Sale now woos potential faith-based partners to St. Mary’s Episcopal Church in Koreatown, where 15 spaces are given to vehicle residents nightly.
“We have to go slowly,” he said.
Other safe-parking programs have had a smoother route. Santa Barbara’s New Beginnings Safe Parking Program launched in 2004 with a handful of spaces and has expanded to 24 lots with 133 spaces; 13 of the lots belong to houses of worship.
“Our program has been very successful by just being quiet,” program director Cassie Roach said. “Most of our lots have just four or six [safe parking] spaces, so you can walk by the lots every night and have no idea they are there.”
Faith-based groups running safe-parking programs from San Diego to Seattle include Christian, Catholic, Jewish, Muslim and Mormon partners. A multifaith group in Oakland, where homelessness has grown 25 percent since 2015, just received a $300,000 city grant to start a safe-parking program in early 2019.

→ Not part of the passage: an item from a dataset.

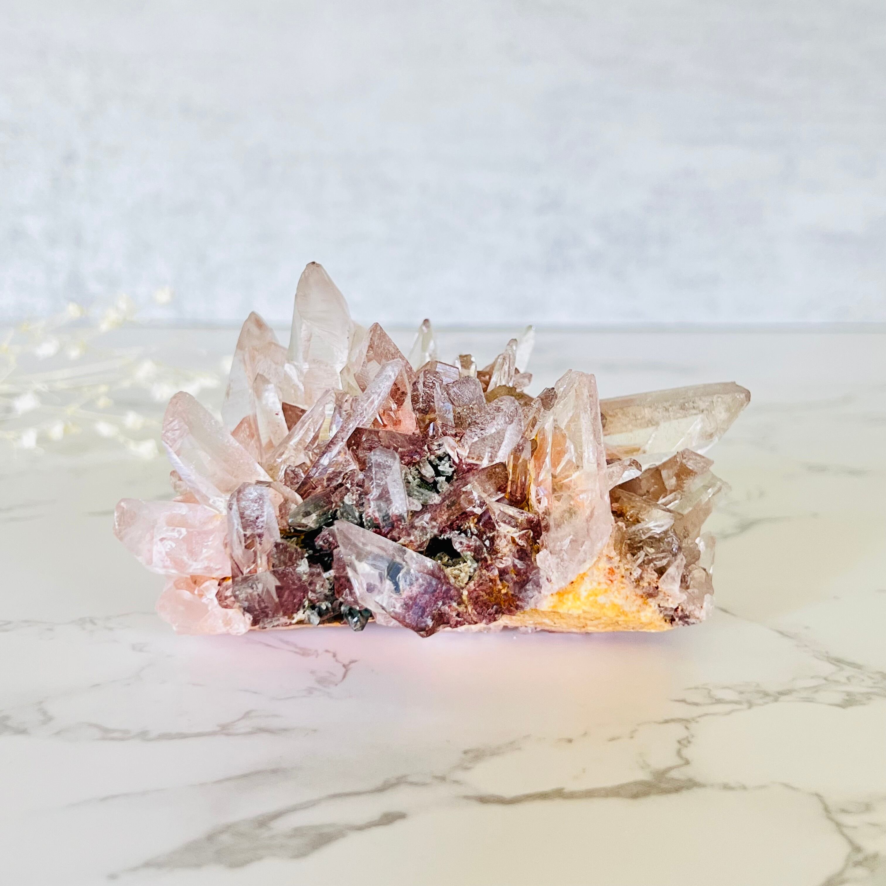 しっかりと濃いピンク色が特徴的なマ二カラン産水晶のクラスターです。

“Our Gospel tells us to welcome the stranger, to take care of the widows and orphans,” said Karina O’Malley, the safe-parking coordinator at Lake Washington United Methodist Church in Kirkland. “To me, it is such a gift to the congregation because proximity is the thing that is so desperately needed to awaken our souls and is so hard to get. It just enriches our experience of what needs to be happening in the world.”
Lake Washington’s program is for women and children only. Some are fleeing domestic violence; some lost their homes after a debilitating illness; some are simply priced out of the housing market. There are women-only lots in Mountain View, San Jose and Santa Barbara.

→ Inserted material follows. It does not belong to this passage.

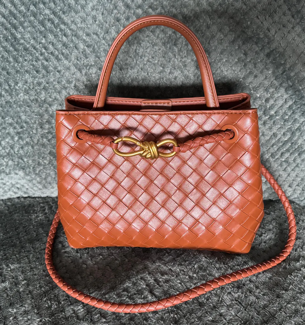 Let's DIY an on-the-go everyday carrying. We could find these standout features on the kit like intrecciato leather, the metal knot and a sliding braided strap, and with this strap you can secure and carry the bag differently. The top secures with magnets, opening to an unlined interior divided into two sections with two slide pockets for small things. It will be a perfect part of your daily journey.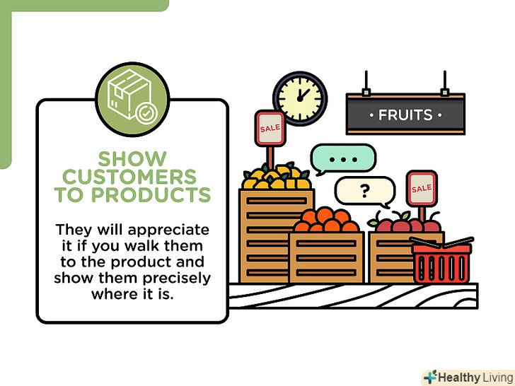 Покажіть покупцям продукти.потрібно не просто сказати, де лежить товар, який шукає клієнт, а показати його. Покупець оцінить цей знак уваги, якщо ви разом з ним пройдете до товару і покажете його.[9]

Sara Rankin is the director of the Homeless Rights Advocacy Project at Seattle University School of Law, a Jesuit school, and author of a report on faith-based safe-parking programs. She said no one is certain how many of these programs exist but they seem to be limited to the West Coast, where temperatures seldom dip below freezing.
“Virtually every religion has some sort of focus on ministering to the poor,” she said. “But it is a head-scratcher to me how so many faith communities have issues not just with vehicle residents, but also immigrants and refugees. We are not always consistent in what we profess our faith to be and what that faith compels us to do.”